Quadrant Private Equity
- Formerly: Quadrant Capital
- Type: Proprietary limited company
- Industry: Private Equity
- Founded: 1996; 30 years ago
- Founder: Chris Hadley
- Headquarters: Sydney, Australia
- Products: Private equity funds
- Website: quadrantpe.com.au

= Quadrant Private Equity =

Australian private equity investment firm

Quadrant Private Equity (also simply known as Quadrant) is an Australian private equity investment firm based in Sydney, Australia. The company was founded as Quadrant Capital in 1996 by Chris Hadley. Hadley now serves as the firm's Executive Chairman.
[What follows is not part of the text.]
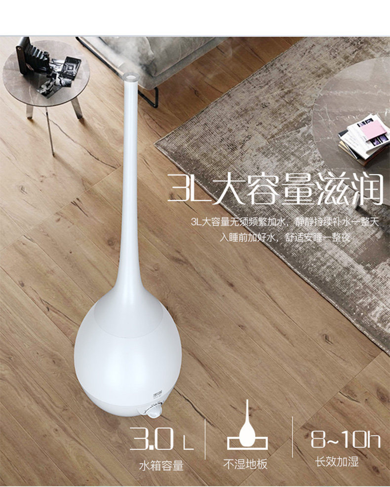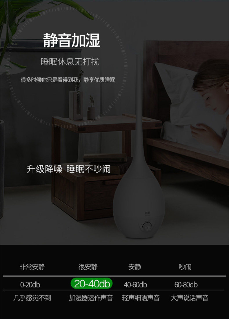 加湿器非常的好,我非常满意,之前买了两个加湿器一个用了几年坏了,一个买了没多久漏水包换,我换了给妈妈用了,在买的这个放床底下藏着免得小孩喜欢玩把水搞地上都是,也不湿床单

Quadrant hosts multiple investment funds which invest in businesses across a wide array of industries and sectors, specifically targeting management buyouts, growth capital and strategic equity transactions. The first three Quadrant funds delivered a collective 37% return between 1996 and 2006. Since its inception, Quadrant has raised $10 billion throughout 15 funds and has made over 100 investments.

The firm has owned or co-owned a number of well-known Australian companies including: Canva, Adore Beauty, Amart Furniture, Pumpkin Patch, One Rail Australia, Fletcher Building, TOWER Software, Virtus Health, Craveable Brands, Affinity Education, Barbeques Galore, Darrell Lea, Journey Beyond, Fitness First, and Timezone.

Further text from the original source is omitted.